The rest of us were left with a nagging question: What is the latest science on the differences between men's and women's aptitudes, anyway? Is it true, even a little bit, that men are better equipped for scientific genius? Or is it ridiculous—even pernicious—to ask such a question in the year 2005?

It's always perilous to use science to resolve festering public debates. Everyone sees something different—like 100 people finding shapes in clouds. By the time they make up their minds, the clouds have drifted beyond the horizon. But scientists who have spent their lives studying sex differences in the brain (some of whom defend Summers and some of whom dismiss him as an ignoramus) generally concede that he was not entirely wrong. Thanks to new brain-imaging technology, we know there are indeed real differences between the male and the female brain, more differences than we would have imagined a decade ago. "The brain is a sex organ," says Sandra Witelson, a neuroscientist who became famous in the 1990s for her study of Albert Einstein's brain. "In the last dozen years, there has been an exponential increase in the number of studies that have found differences in the brain. It's very exciting."

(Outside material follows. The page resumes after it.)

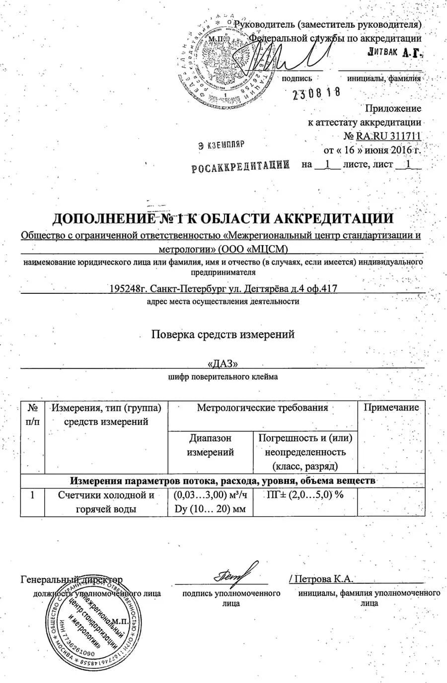 Сведений о компании на официальном сайте немного. Оказывает организациям, жителям г. Санкт-Петербурга услуги в сфере энергосбережения: установка, поверка, метрологический контроль характеристик счетчиков воды бытового назначения (15, 20). Имеется собственная проливочная станция, позволяющая выполнять поверку ИПУ на месте, без демонтажа с трубы. Мастера, диспетчерская служба работают без выходных, время прибытия специалиста согласовывается с клиентом. Аккредитация имеется, действующая, что подтверждается соответствующим документом.

But that's just the beginning of the conversation. It turns out that many of those differences don't seem to change our behavior. Others do—in ways we might not expect. Some of the most dramatic differences are not just in our brains but also in our eyes, noses and ears—which feed information to our brains. Still, almost none of those differences are static. The brain is constantly changing in response to hormones, encouragement, practice, diet and drugs. Brain patterns fluctuate within the same person, in fact, depending on age and time of day. So while Summers was also right that more men than women make up the extreme high—and low—scorers in science and math tests, it's absurd to conclude that the difference is primarily because of biology—or environment. The two interact from the time of conception, which only makes life more interesting.